*** Records provided Section Begins ***

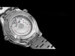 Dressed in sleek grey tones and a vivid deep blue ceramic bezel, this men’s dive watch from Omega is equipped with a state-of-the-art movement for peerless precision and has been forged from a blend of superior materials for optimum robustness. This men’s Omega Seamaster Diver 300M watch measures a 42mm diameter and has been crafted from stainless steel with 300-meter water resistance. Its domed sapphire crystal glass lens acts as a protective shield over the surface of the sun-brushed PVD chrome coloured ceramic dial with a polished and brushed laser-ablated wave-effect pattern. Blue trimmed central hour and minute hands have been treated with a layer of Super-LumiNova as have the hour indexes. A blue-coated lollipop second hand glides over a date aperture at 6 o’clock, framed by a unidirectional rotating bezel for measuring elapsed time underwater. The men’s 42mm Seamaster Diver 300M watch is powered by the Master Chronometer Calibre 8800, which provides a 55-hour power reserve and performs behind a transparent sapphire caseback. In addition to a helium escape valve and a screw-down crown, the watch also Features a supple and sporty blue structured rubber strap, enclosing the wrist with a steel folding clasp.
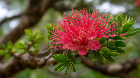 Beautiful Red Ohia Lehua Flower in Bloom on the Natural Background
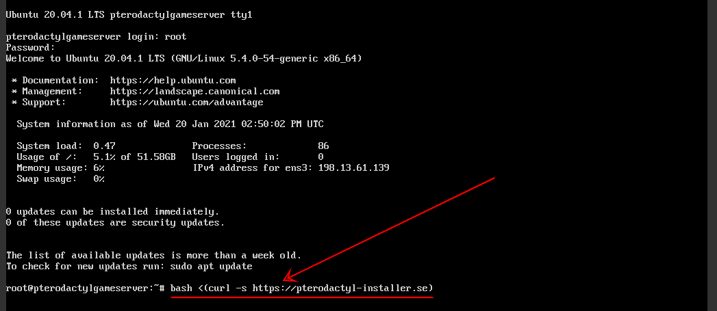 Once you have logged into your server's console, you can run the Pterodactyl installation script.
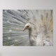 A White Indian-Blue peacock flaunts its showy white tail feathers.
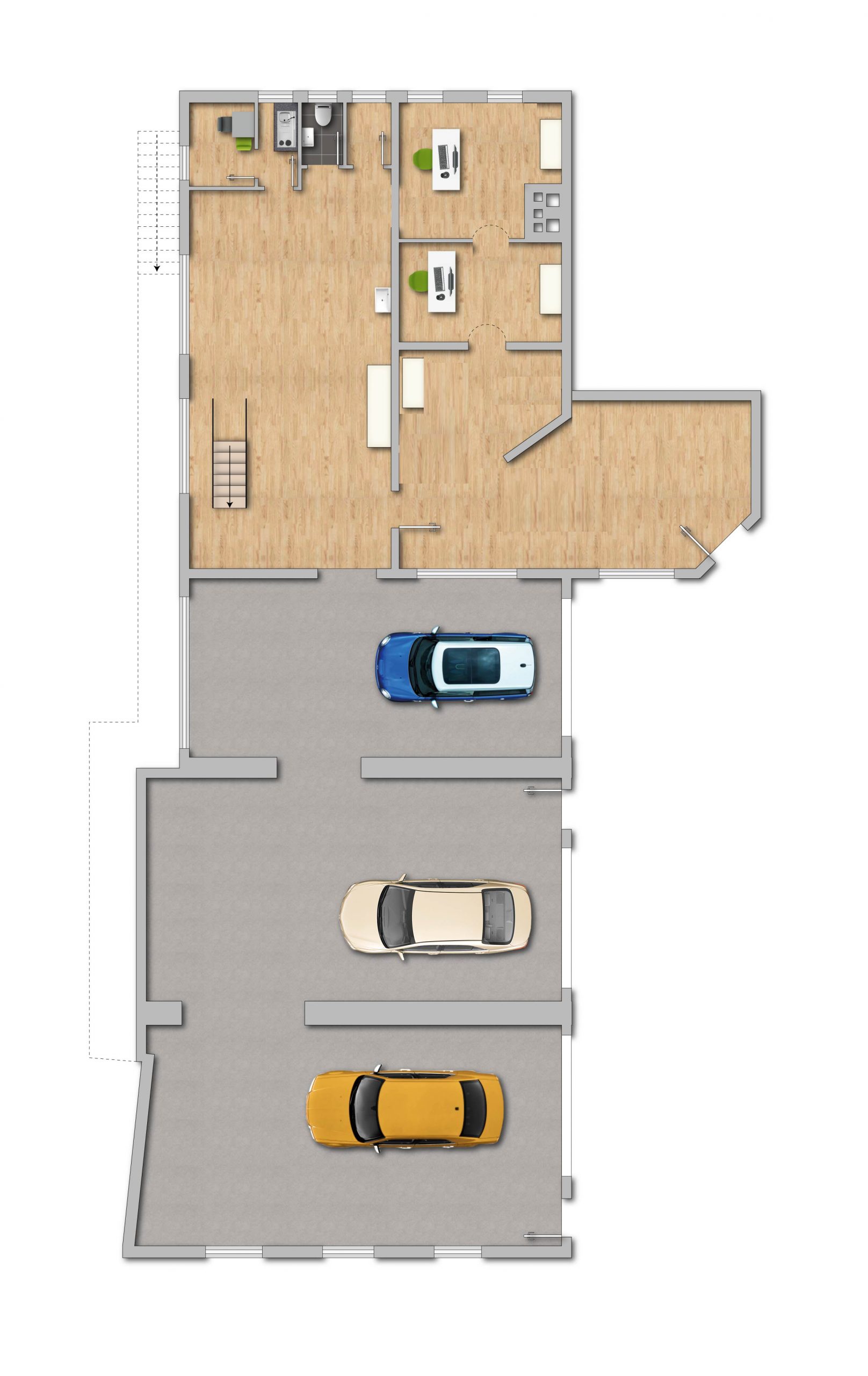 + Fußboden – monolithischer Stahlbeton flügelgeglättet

*** Records provided Section Ends ***

Omitting the pictures, copy each record above exactly as it stands.

 Dressed in sleek grey tones and a vivid deep blue ceramic bezel, this men’s dive watch from Omega is equipped with a state-of-the-art movement for peerless precision and has been forged from a blend of superior materials for optimum robustness. This men’s Omega Seamaster Diver 300M watch measures a 42mm diameter and has been crafted from stainless steel with 300-meter water resistance. Its domed sapphire crystal glass lens acts as a protective shield over the surface of the sun-brushed PVD chrome coloured ceramic dial with a polished and brushed laser-ablated wave-effect pattern. Blue trimmed central hour and minute hands have been treated with a layer of Super-LumiNova as have the hour indexes. A blue-coated lollipop second hand glides over a date aperture at 6 o’clock, framed by a unidirectional rotating bezel for measuring elapsed time underwater. The men’s 42mm Seamaster Diver 300M watch is powered by the Master Chronometer Calibre 8800, which provides a 55-hour power reserve and performs behind a transparent sapphire caseback. In addition to a helium escape valve and a screw-down crown, the watch also Features a supple and sporty blue structured rubber strap, enclosing the wrist with a steel folding clasp.
 Beautiful Red Ohia Lehua Flower in Bloom on the Natural Background
 Once you have logged into your server's console, you can run the Pterodactyl installation script.
 A White Indian-Blue peacock flaunts its showy white tail feathers.
 + Fußboden – monolithischer Stahlbeton flügelgeglättet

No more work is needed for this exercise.